Core Concepts
ALEX enables community-level coordination of distributed energy resources through rational agents, improving grid stability and efficiency.
Abstract
This study explores the Autonomous Local Energy eXchange (ALEX) system, a transactive local energy market where rational agents optimize building-level resource utilization. The research evaluates ALEX's impact on community net-load metrics and compares it to benchmark systems.

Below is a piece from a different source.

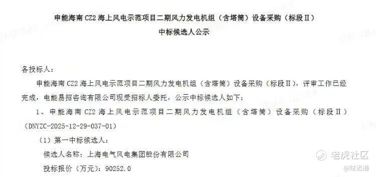 继2月2日成功斩获福建华电长乐55万千瓦海上风电项目,喜迎2026年海风“开门红”后,电气风电(688660.SH)市场攻势再传捷报。近日,申能海南CZ2海上风电示范项目二期风力发电机组(含塔筒)设备采购标段I、II中标结果公示。公示内容显示,电气风电均位列第一中标候选人。两个标段中标总容量为576MW。

Results show that ALEX fosters alignment between participant and grid-stakeholder interests, enabling efficient coordination of DERs across the community.
Introduction
Discusses the challenges posed by distributed energy resources (DERs) and the need for demand response solutions.
Background
Reviews related literature on LEMs, DR systems, and reinforcement learning approaches.
Methodology
Outlines hypotheses testing ALEX's capabilities in DR and describes the simulation methodology using dynamic programming.
Results and Discussion
Presents experimental results comparing ALEX with baseline scenarios (NoDERMS, IndividualDERMS) across various metrics.
Summary and Conclusion
Concludes that ALEX successfully aligns participant interests with grid stakeholders, demonstrating community-level DER coordination.
Stats
"The experiments demonstrate that ALEX enables the coordination of distributed energy resources across the community."
"Compared to the benchmark energy management system, ALEX improves across all metrics."
Quotes
"ALEX improves across all metrics."
"ALEX exhibits community-level coordination of DERs."